Provided records:
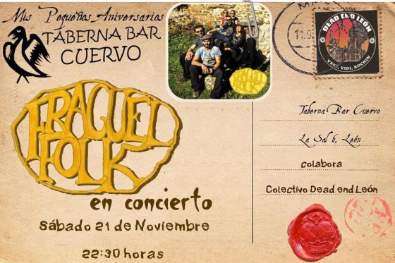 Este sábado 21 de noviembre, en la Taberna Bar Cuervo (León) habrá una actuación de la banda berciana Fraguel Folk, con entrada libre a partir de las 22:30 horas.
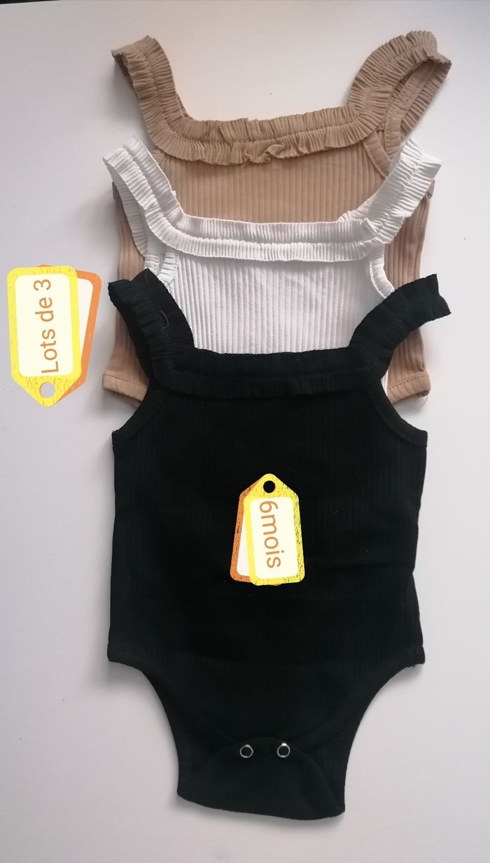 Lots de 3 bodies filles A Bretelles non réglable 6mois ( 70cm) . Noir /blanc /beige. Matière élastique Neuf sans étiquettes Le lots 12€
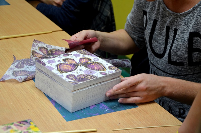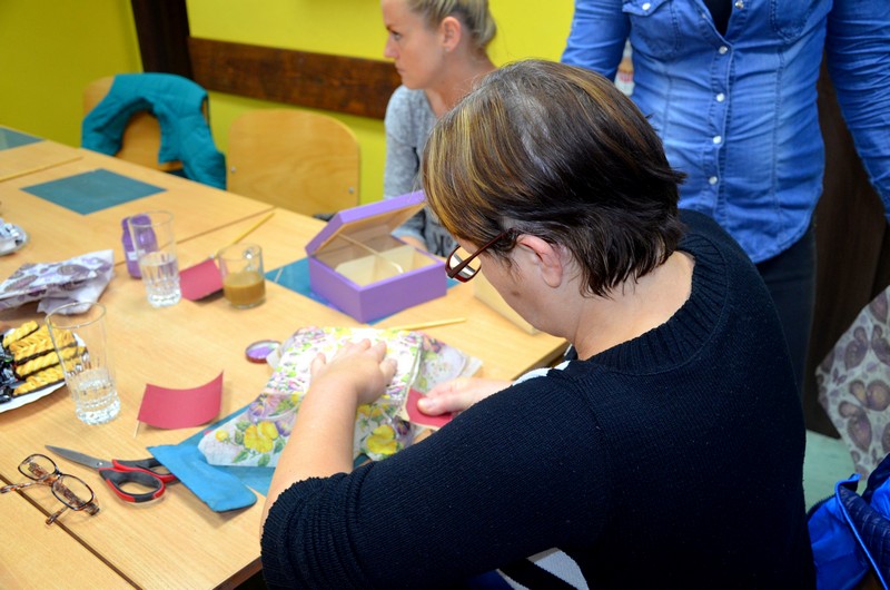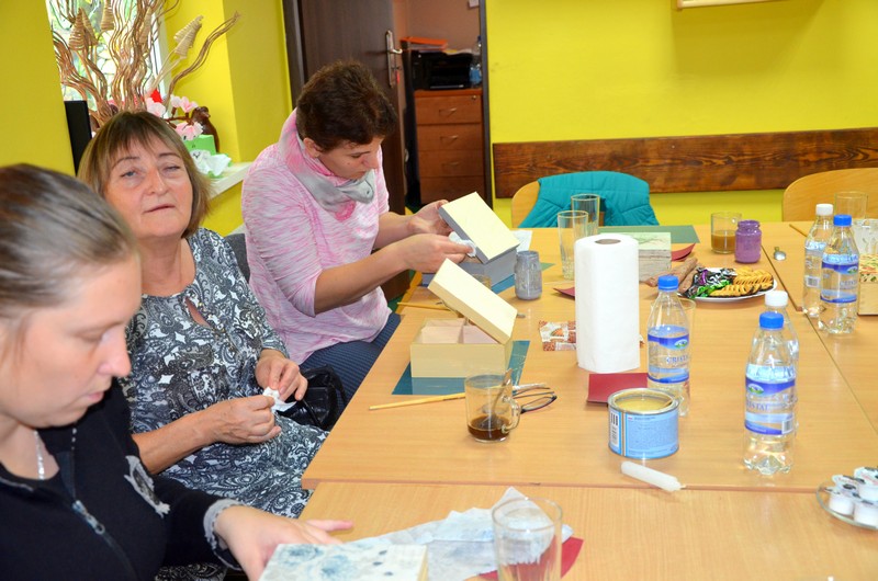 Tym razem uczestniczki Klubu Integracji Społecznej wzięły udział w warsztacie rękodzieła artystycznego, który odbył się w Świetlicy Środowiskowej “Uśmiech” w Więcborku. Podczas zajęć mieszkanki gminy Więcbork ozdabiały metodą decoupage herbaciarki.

--

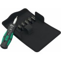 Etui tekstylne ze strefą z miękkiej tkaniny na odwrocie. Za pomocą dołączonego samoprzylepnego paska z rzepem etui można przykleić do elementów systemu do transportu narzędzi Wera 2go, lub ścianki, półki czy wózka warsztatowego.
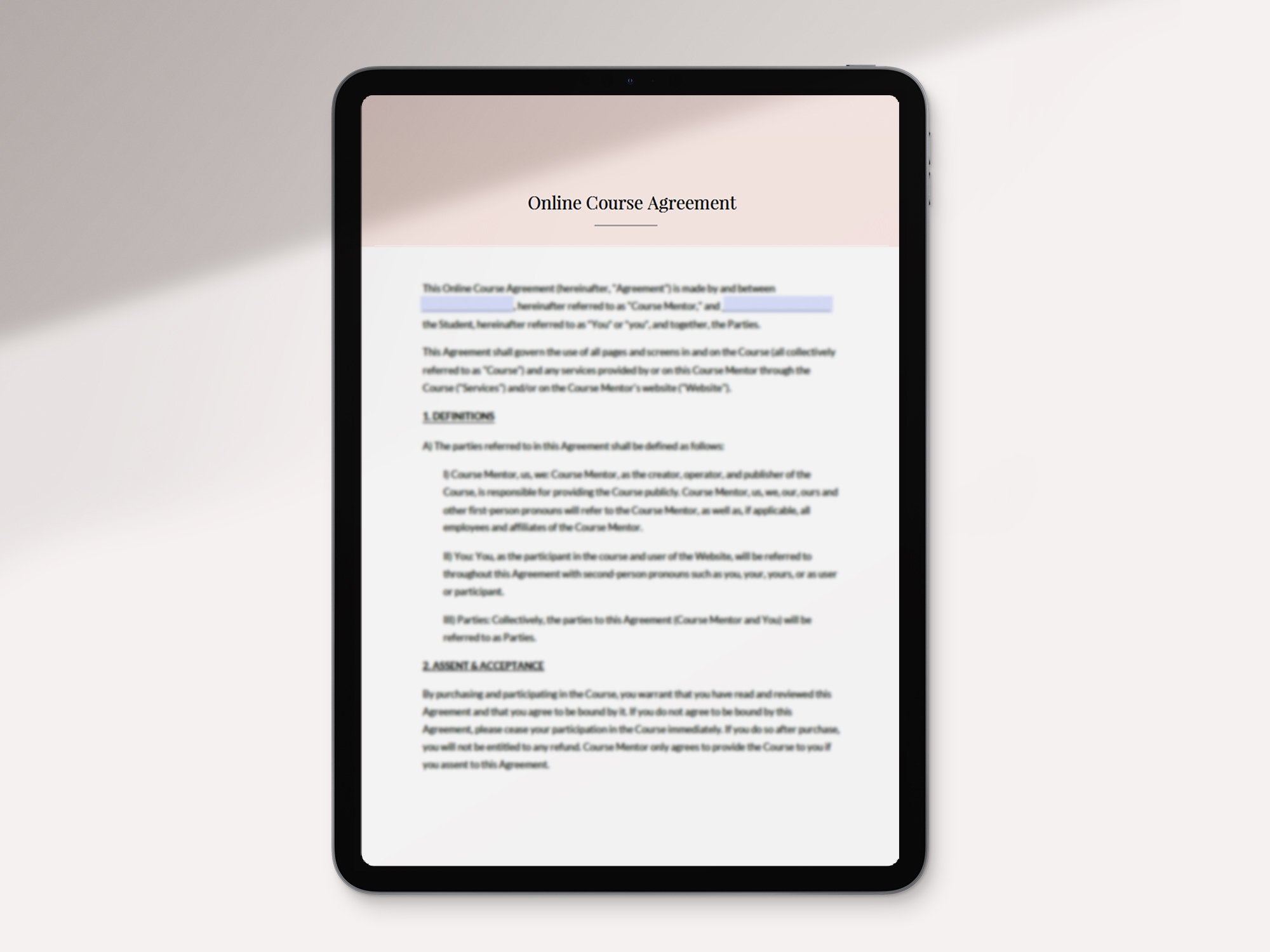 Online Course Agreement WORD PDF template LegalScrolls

Work request:
Copy only this from above: the line containing "Etui tekstylne ze", the line containing "Online Course Agreement", and all lines between, printed exactly. Leave out the pictures.

Solution:
 Etui tekstylne ze strefą z miękkiej tkaniny na odwrocie. Za pomocą dołączonego samoprzylepnego paska z rzepem etui można przykleić do elementów systemu do transportu narzędzi Wera 2go, lub ścianki, półki czy wózka warsztatowego.
 Online Course Agreement WORD PDF template LegalScrolls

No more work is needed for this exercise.